▸ Information supplied
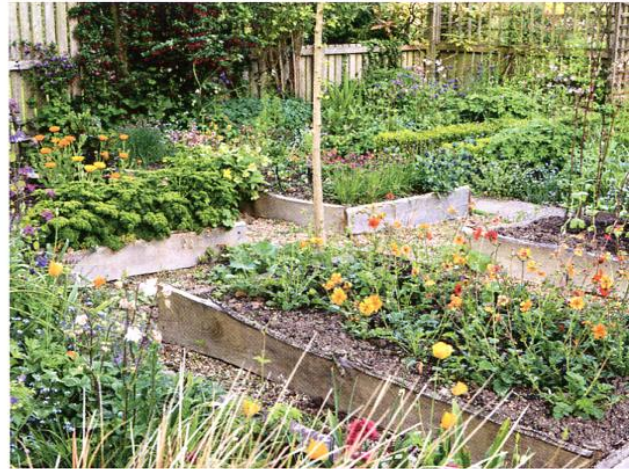
The raised beds in the nursery garden were originally intended for vegetables but two have been taken over by geums.
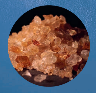
Granulated gum acacia
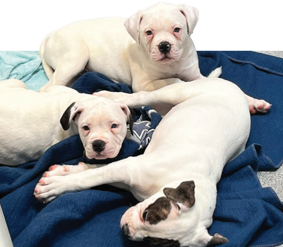
Puppy siblings Gilligan, Mary Ann and Ginger waiting to be adopted!
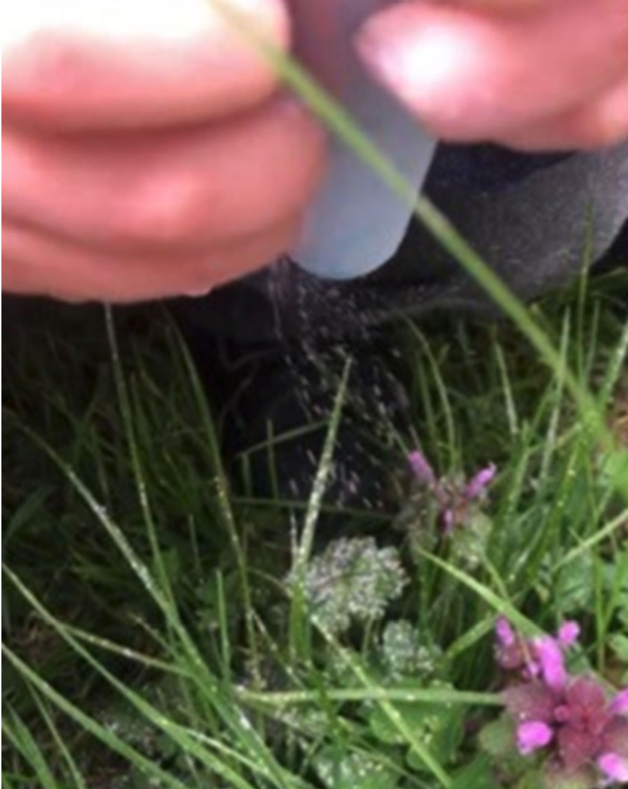
Figure 5. Chalk-grass-Stegosaurus at play.

▸ Exercise description
Retype the listing exactly. Pictures do not belong in the copy.

▸ Output
The raised beds in the nursery garden were originally intended for vegetables but two have been taken over by geums.
Granulated gum acacia
Puppy siblings Gilligan, Mary Ann and Ginger waiting to be adopted!
Figure 5. Chalk-grass-Stegosaurus at play.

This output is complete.